This is a guest post from Alex Engler. Alex is a Data Scientist at the Urban Institute and teaches Data Science and Data Visualization classes at Georgetown University and Johns Hopkins University. Follow him on Twitter @AlexCEngler.
If you haven’t come around yet, it’s past time: Data ethics is really important.
A quick glance at recent ethical dilemmas is telling. Troubling instances of the mosaic effect — in which different anonymized datasets are combined to reveal unintended details — include the tracking of celebrity cab trips and the identification of Netflix user profiles. It is also difficult to remain unconcerned with the tremendous influence wielded by corporations and their massive data stores, most notoriously embodied by Facebook’s secret psychological experiments. And new issues are emerging all the time. I dare you to read MIT’s recent article on why we must train self-driving cars to kill without letting out a disquieted “Huh.”
Given these developments, I was elated to see Data Science DC — graciously hosted by the Pew Research Center’s new data science team — put together a fantastic event on socially responsible data science. The two speakers, Mike Williams and Lisa Singh, offered compelling and complementary perspectives on how critical and difficult the modern ethical considerations of data are.
Mike Williams is a research engineer at Fast Forward Labs with a PhD in astrophysics from Oxford University (he professes his PhD is ‘no big deal’). Dr. Williams argued that supervised learning can, and is even very likely to, perpetuate systemic biases. His illustration of this concept is persuasive, so allow me to paraphrase:
A common service offered by social media analytics companies is the identification of dissatisfied consumers using Twitter and similar sites. These customers can then be targeted and placated with special treatment, aiming to reduce rates of customer loss, or churn. In order to identify dissatisfied customers, companies build algorithmic sentiment analysis systems that work best on clear and unambiguous statements of negativity about the relevant product or service.
Ok, what’s the problem? Well, it turns out that this does not treat all customers equally, as men are far more likely than women to express strong negative statements on the Internet. And thus without any specific intent of the data scientists involved, a new algorithm is deployed that disproportionately benefits men. For more, see Mike’s slides.
While this effect might be negligible in some individual applications (say a discount from an online retailor), if applied in hundreds or thousands of algorithms, this aggregate effect can become quite significant.

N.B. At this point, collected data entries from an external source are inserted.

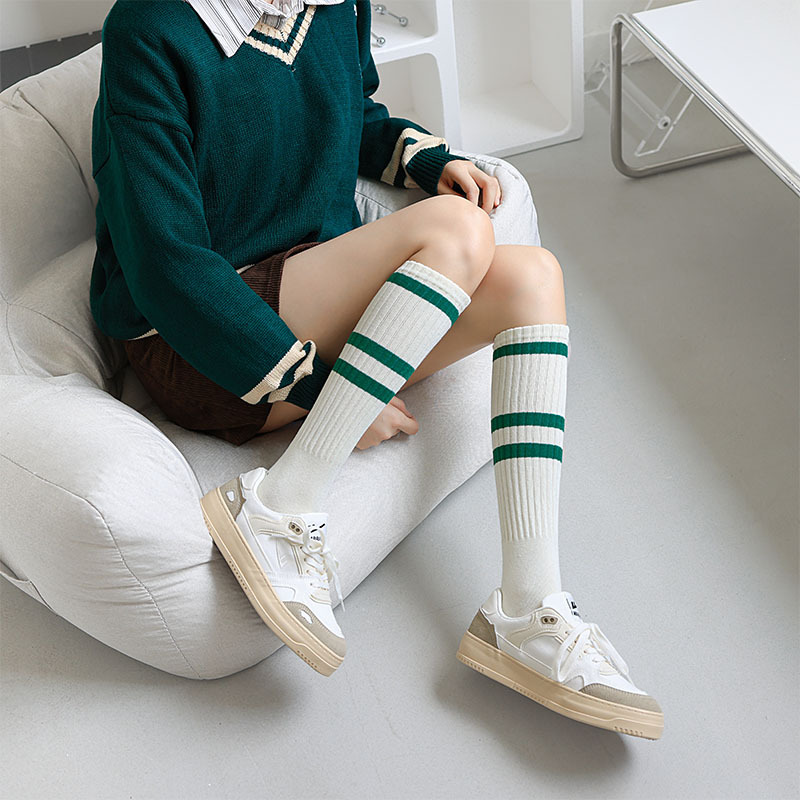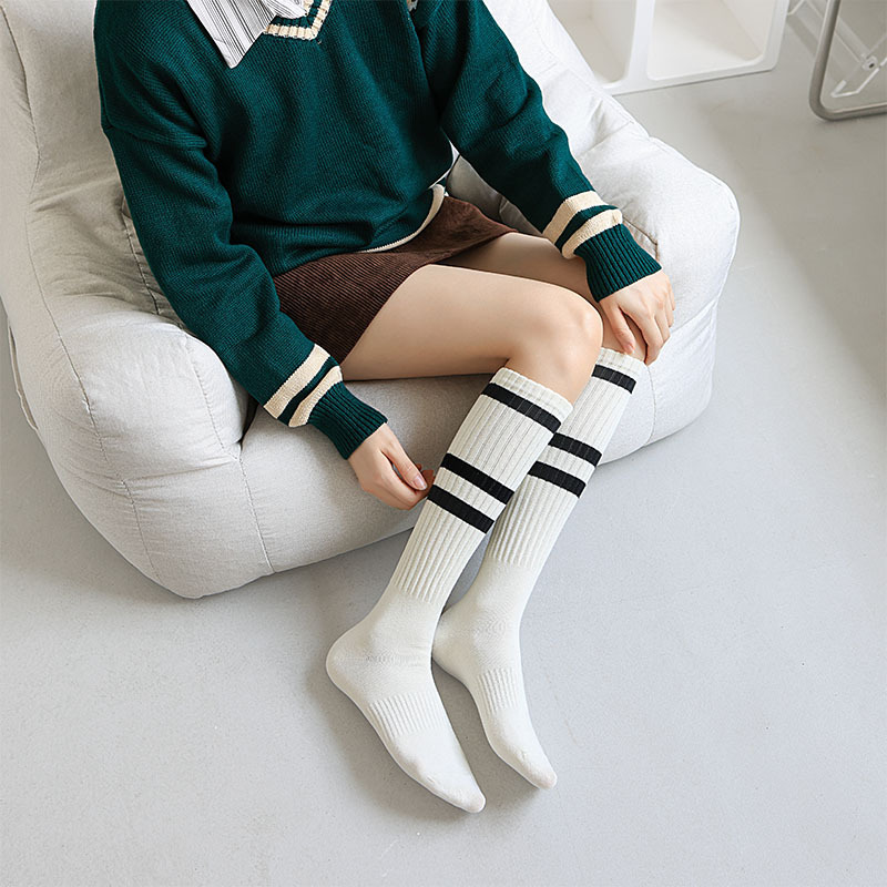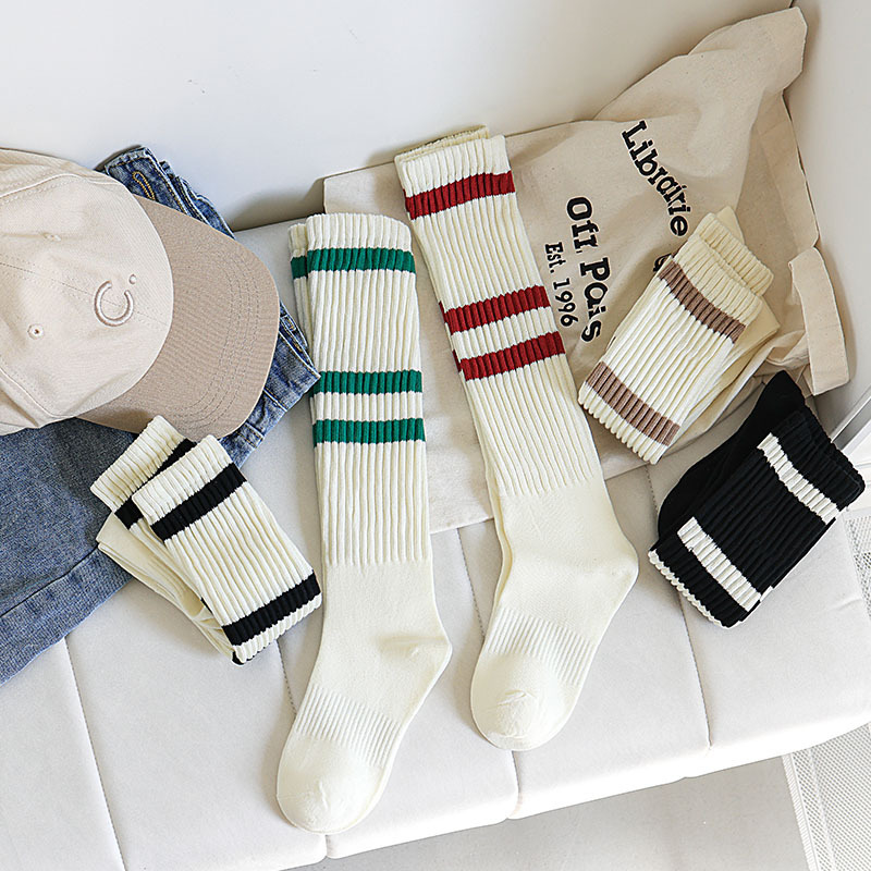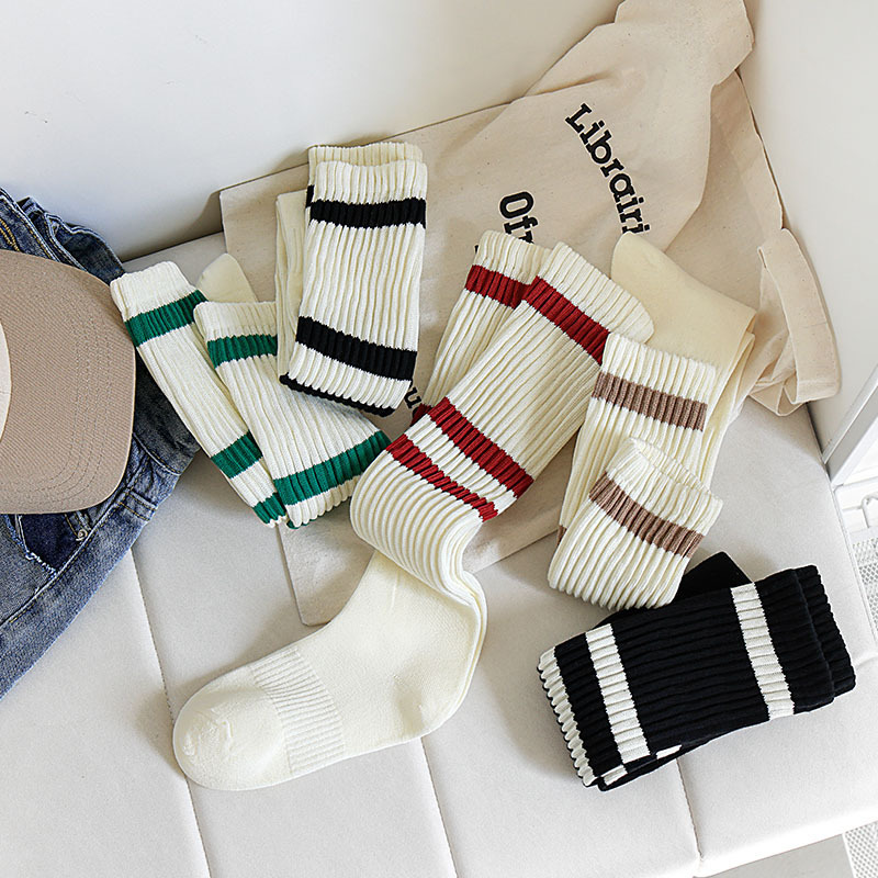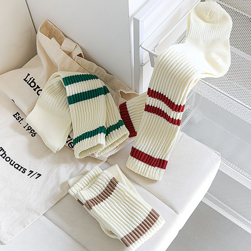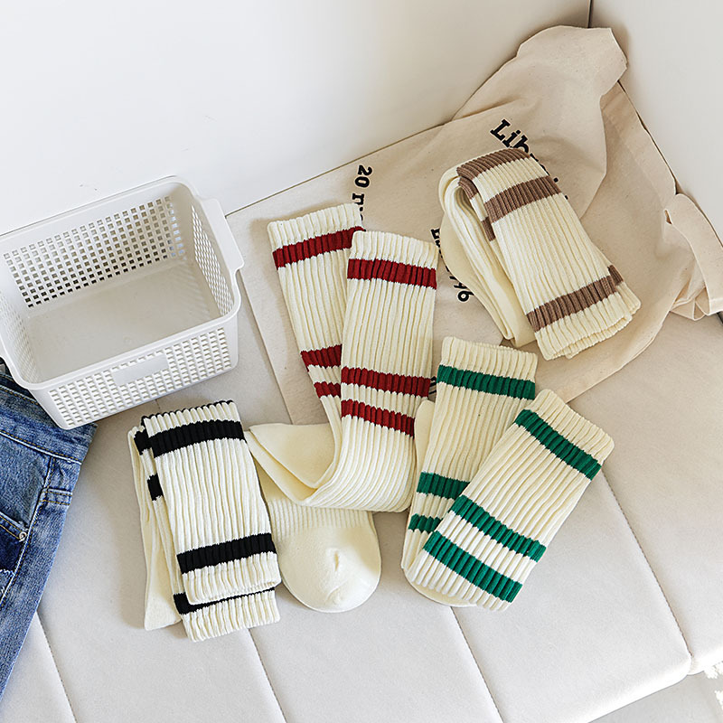 2 바 줄무늬 송아지 양말 일본 학술 스타일 스포츠 스타킹 봄과 가을 다용도 흰색 jk 하이탑 무릎 양말스토어 가기
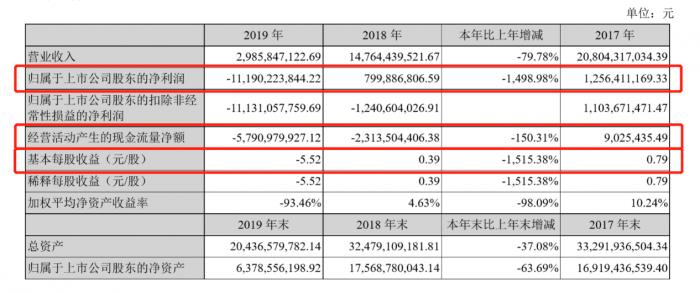 前一日晚,众泰汽车2019年报告终于出炉,财报显示公司2019年营业收入为29.86亿元,同比下降79.78%;净利润亏损111.9亿元,去年同期盈利约8亿元,同比下降幅度高达1498.98%;同期公司经营活动产生的现金流量净额为-57.9亿元,去年同期为-23.1亿元,同比下降150.31%。公司计划不派发现金红利,不送红股,不以公积金转增股本。
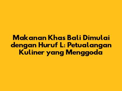 Itulah beberapa makanan khas Bali yang namanya dimulai dengan huruf 'L'. Setiap hidangan memiliki keunikan dan kelezatannya masing-masing. Jadi, jangan ragu untuk mencoba semuanya saat Anda berada di Bali. Selamat menikmati petualangan kuliner Anda di pulau dewata!
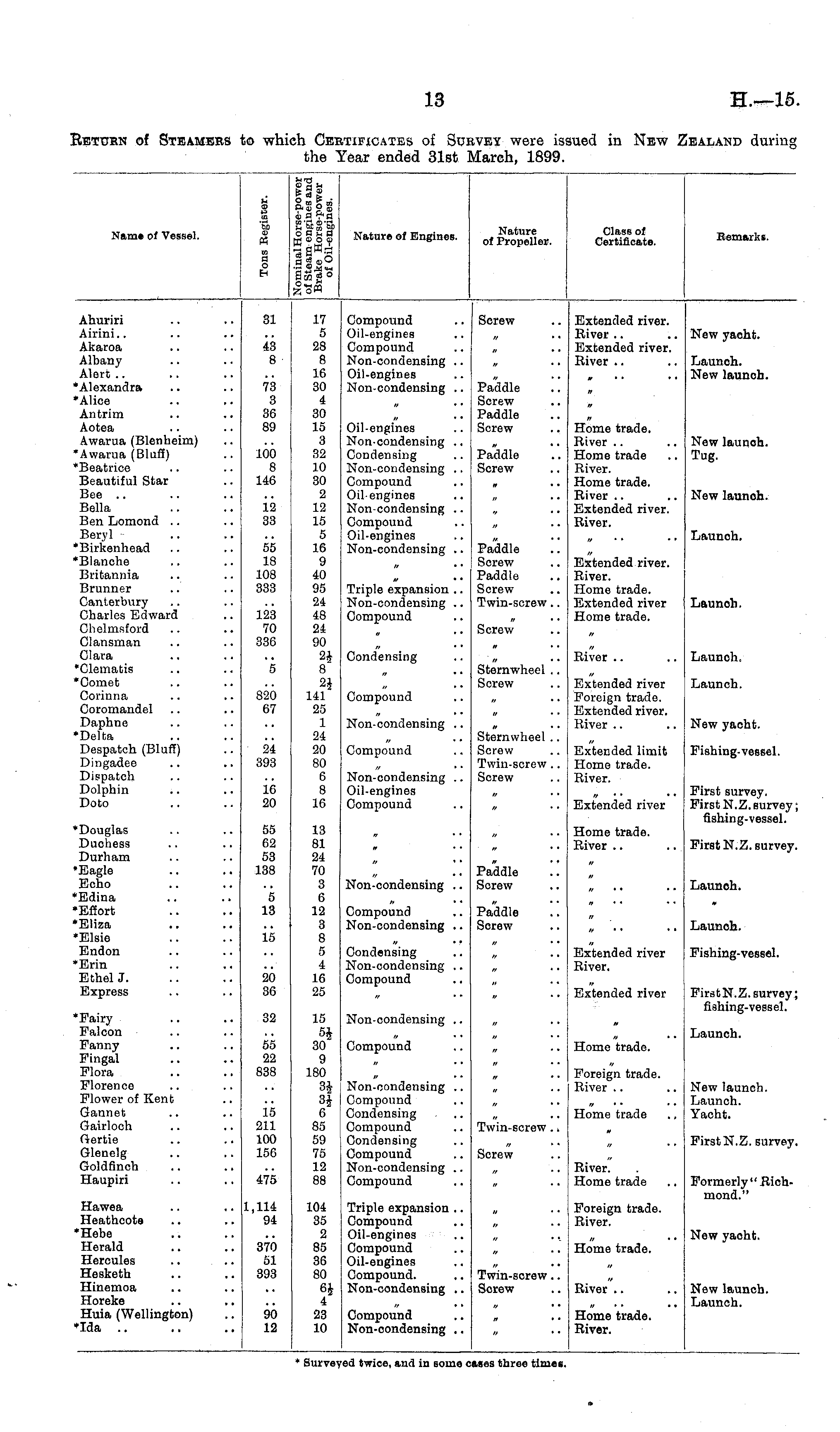 Nam* of Vessel. u to a o Pi HIS w oo<j) dS H 3 ■ss.s2 S£g° Nature of Engines. Nature of Propeller. Class of Certificate. Remarks. Ahuriri Airini.. Akaroa Albany Alert.. •Alexandra •Alice Antrim Aotea Awarua (Blenheim) •Awarua (Bluff) •Beatrice Beautiful Star Bee Bella Ben Lomond .. Beryl 'Birkenhead •Blanche Britannia Brunner Canterbury Charles Edward Chelmsford Clansman Clara •Clematis * Comet Corinna Coromandel Daphne •Delta Despatch (Bluff) Dingadee Dispatch Dolphin Doto 31 43 8 73 3 36 89 100 8 146 12 33 55 18 108 333 17 5 28 8 16 30 4 30 15 3 32 10 30 2 12 15 5 16 9 40 95 24 48 24 90 H 8 2J 141 25 1 24 20 80 6 8 16 Compound Oil-engines Compound Non-condensing .. Oil-engines Non-condensing .. Oil-engines Non-condensing .. Condensing Non-condensing .. Compound Oilengines Non-condensing .. Compound Oil-engines Non-condensing .. Screw Paddle ! '. Screw Paddle Screw Paddle Screw Paddle Screw Paddle Screw Twin-screw.. Extended river. River Extended river. River Home trade. River Home trade River. Home trade. River Extended river. River. Extended river. River. Home trade. Extended river Home trade. New yaoht. Launch. New launch. New launch. Tug. New launch. Launch. 123 70 336 Triple expansion .. Non-condensing .. Compound Launch. Screw Condensing River Launoh. 5 Sternwheel .. Screw Extended river Foreign trade. Extended river. River Launch. 820 67 Compound Non-condensing .. Sternwheel .. Screw Twin-screw .. Screw New yaeht. 24 393 Compound Extended limit Home trade. River. Fishing-vessel. 16 20 Non-condensing .. Oil-engines Compound Extended river First survey. First N.Z. survey; fishing-vessel. •Douglas Duchess Durham •Eagle Echo •Edina •Effort •Eliza •Elsie Endon •Erin Ethel J. Express 55 62 53 138 5 13 13 81 24 70 3 6 12 3 8 5 4 16 25 Non-condensing .. Compound Non-condensing .. Paddle 1 '. Screw Paddle ! '. Screw Home trade. River First N.Z. survey. Launoh. ft 15 Launoh. 20 36 Condensing Non-condensing .. Compound Extended river River. Fishing-vessel. Extended river FirstN.Z. survey; fishing-vessel. •Fairy Falcon Fanny Fingal Flora Florence Flower of Kent Gannet Gairloch Gertie Glenelg Goldfinch Haupiri 32 55 22 838 15 211 100 156 15 5J 30 9 180 8* 3* 6 85 59 75 12 88 Non-condensing .. Compound Non-condensing .. Compound Condensing Compound Condensing Compound Non-condensing .. Compound Home trade. Foreign trade. River Home trade Launch. New launch. Launch. Yacht. Twin-screw .. Screw First N.Z. survey. 475 River. Home trade Formerly " .Richmond." Hawea Heathcote •Hebe Herald Hercules Heaketh Hinemoa Horeke Huia (Wellington) •Ida 1,114 94 370 51 393 104 35 2 85 36 80 6i 4 23 10 Triple expansion .. Compound Oil-engines Compound Oil-engines Compound. Non-condensing .. Twin-screw.. Screw Foreign trade. River. Home trade. New yaoht. River New launch. Launch. 90 12 Compound Non-condensing .. Home trade. River. ♦ Surve , red twice, and in some cases three times.
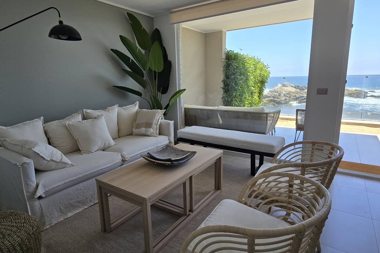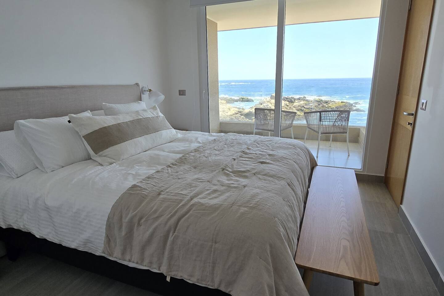 Stylish and cozy apartment in the Las Rocas de Maitencillo Condominium, facing the sea, spectacular views, tranquility, spaciousness, and great amenities. Located in front of the rocks, just steps from El Abanico Beach. 5 minutes walking to Maitencillo's restaurants, cafés, and shops. No Smoking No pets allowed No Parties Allowed
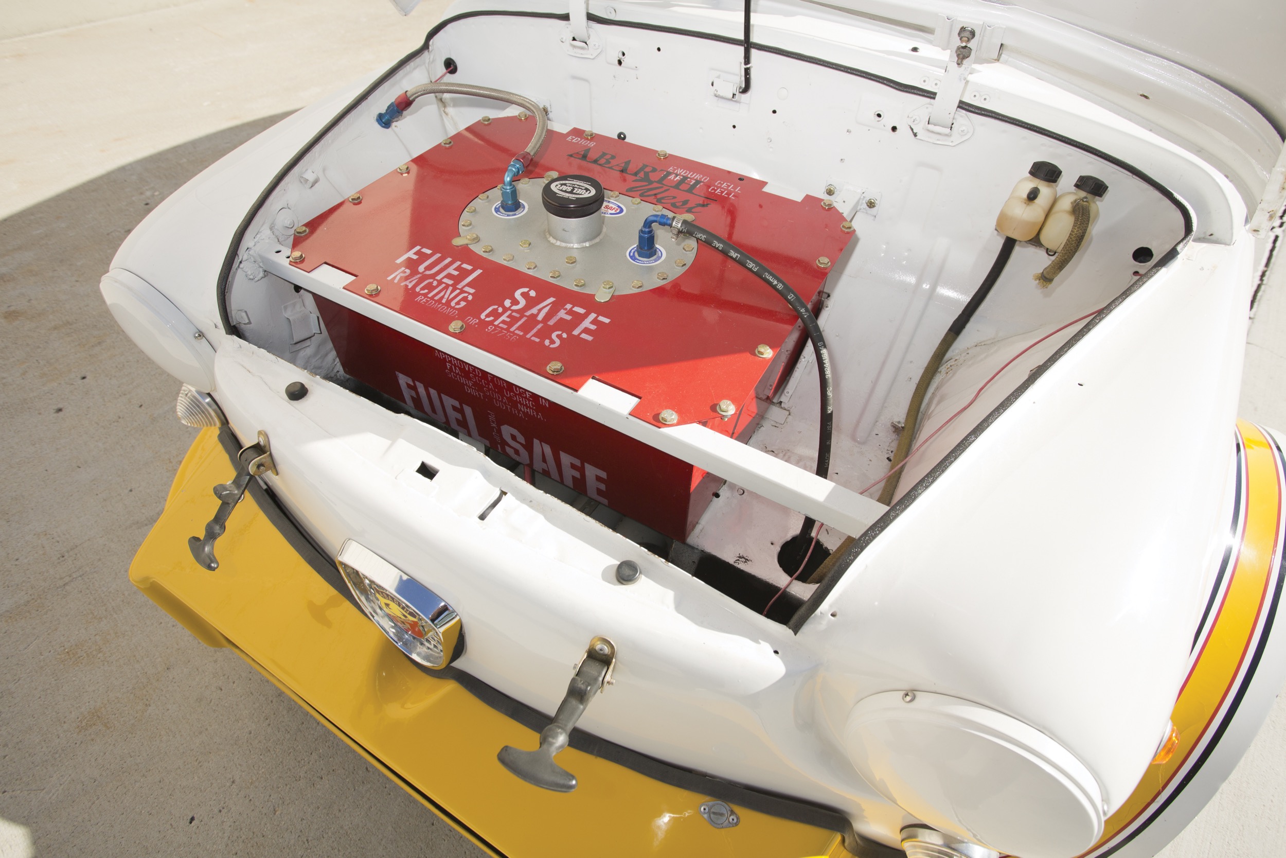 Im Sommer 1960 präsentierte Fiat den 600D. Der hatte neben vielen anderen Verbesserungen auch einen grösseren Motor, 767 cm3, die Leistung stieg auf 29 PS. Da musste Abarth selbstverständlich sofort reagieren, und es entstand der 850. Dass es gerade 847 cm3 wurden, die perfekt in die von den italienischen Rennsportbehörden neu geschaffene Klasse mit bis zu 850 cm3 Hubraum passte, war ganz sicher nur ein Zufall, auch wenn die guten Beziehungen von Carlo Abarth zu einigen Funktionären ein offenes Geheimnis waren. Abarth offerierte drei Versionen, den 850 mit 52 (bei 6000/min) für 985’000 Lire, den 850S mit 54 PS (bei 6300/min) für 1’025’000 Lire, und schliesslich den nicht homologierten 850SS mit 57 PS. Bereits im Frühling 1961 wurde das Programm wieder geändert, im Angebot stand nun nur noch der 850TC mit 52 PS – und einem neuen Preis von nur noch 850’000 Lire (das waren die ersten Auswirkungen des neuen Vertrags mit Fiat). Aber damit nicht genug: Im September 1961 gewann Abarth die 500 Kilometer auf dem Nürburgring mit einem souveränen 1-2-3, die Verkäufe gingen rasant nach oben, und schon im November wurde der 850 TC Nürburgring zu einem Aufpreis von 50’000 Lire angeboten, mit jetzt 55 PS, deutlich verbessertem Fahrwerk und Scheibenbremsen rundum. Die problemlos verkauften 1000 Exemplare sicherten dem Abarth die Homologation – und war für die eh nicht vorhandene Konkurrenz ein Schock. (Das Fahrzeug soll ein 66er 1000 TC sein, in der schmalen Variante.)
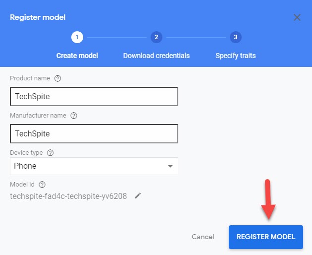 Click on the Register Model Step 8. Fill in the section of Product name, Manufacturer name, or Device name once you fill it then click on the Register Model.
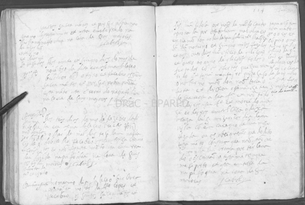 “No mesmo dia (03 de dezembro de 1626) faleceo BARBARA PINHRAmolher de FRCO LOPES e recebeo os santos sacramentos e fes húa sedola por mão de Mel do Canto aprovada por o tabeliam Mel Álvares em que mao dou ao dia do seu falicintº lhe fize se hú no turno e sinquo missas rezadas e aos outo dias hú oficio de 9 liçons e outro ao anno de 9 liçons todos ofertados co as ofertas que seu marido e testamenteiro quisese só o noturno mao não teria o feito e deixou remanisente de sua terça a sua fª e não tedo erdeiros a seu fº e morrendo ambos sem erdeiros em tal casa a deixa a casa da S. Mizericórdia desta Villa co emcareguo de hua missa rezada ou as obrigações que do dito testameto constam que não estão ou é minha lembransa por ter levado o escrivão o testamento a que me reporto e está enterrada na paróquia na cova de seus maiores. Teve acópanhameto 800 res e cóprio o noturno e hu oficio de 9 liçons e deu nove alqueires de trª e o […] de vinho e satisfes as s. missas e officio do anno. Cabral.”
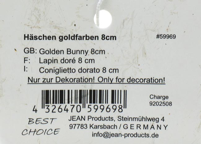 Produktinformationen "Häschen goldfarben 8,1x4,8cm aus feinstem Kunstharz"
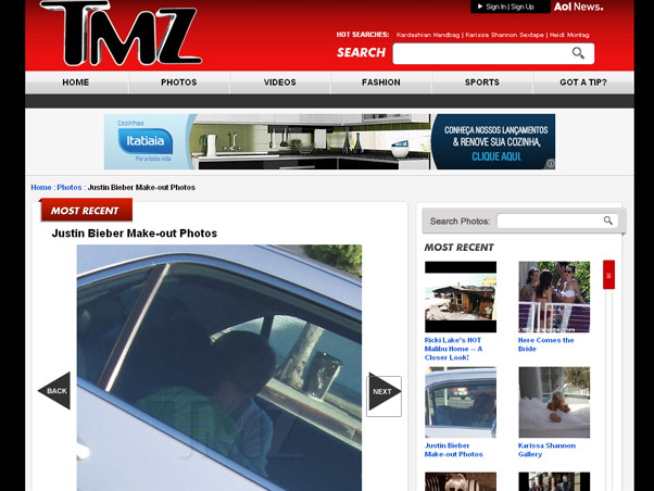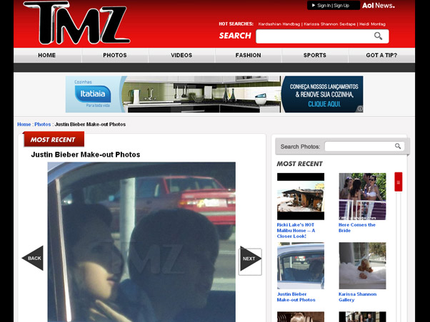 O site “TMZ” divulgou nesta terça-feira, 21, fotos de Justin Bieber no maior amasso com uma garota no banco de trás de um carro. Segundo o site, a garota que aparece com o cantor nas fotos seria Jasmine Villegas, de 16 anos, protagonista do clipe da música “Baby”, do ídolo teen.

It is also easy to imagine how algorithms that determine credit worthiness or instead predict employee performance might have more dire consequences.
Lisa Singh, Director of Graduate Studies at the Computer Science Department of Georgetown University, adds another dimension of data ethics to consider. Her talk focused on how public online personal information is exposed and easily aggregated across multiple websites. Using only a few known variables (like name and city location), relatively simple web scraping and analytical methods can probabilistically combine information about individuals from Facebook, Twitter, LinkedIn, FourSquare, Instragram, etc. It is too easy using even the most straightforward approaches, says Dr. Singh, to learn valuable personal information.
It may be too easy to shake off this concern, since this is information we make public somewhat consciously. But even if shockingly well-targeted advertisements don’t worry you, then identity theft and financial fraud should instead give you pause. You can find links to her papers’ on this subject on her website — oh, and I should mention on her behalf that Georgetown’s Computer Science graduate program is expanding (bias disclaimer: I teach in the public policy school at Georgetown).
During his talk, Dr. Williams reminded us that by design, data science methods can be deeply nebulous, predicting the future with historical data inevitably biased in some way. Then our models are applied at a scale we can’t keep up with and often their output is interpreted by people who understand them even less than we do. Speaking at the recent Data Science Education Conference, White House Chief Data Scientist DJ Patil argued that data scientists are “force multipliers,” with the decisions we make echoed through hundreds or even thousands of actors.
He’s right, and we as a community need to more responsibly own up to our influence.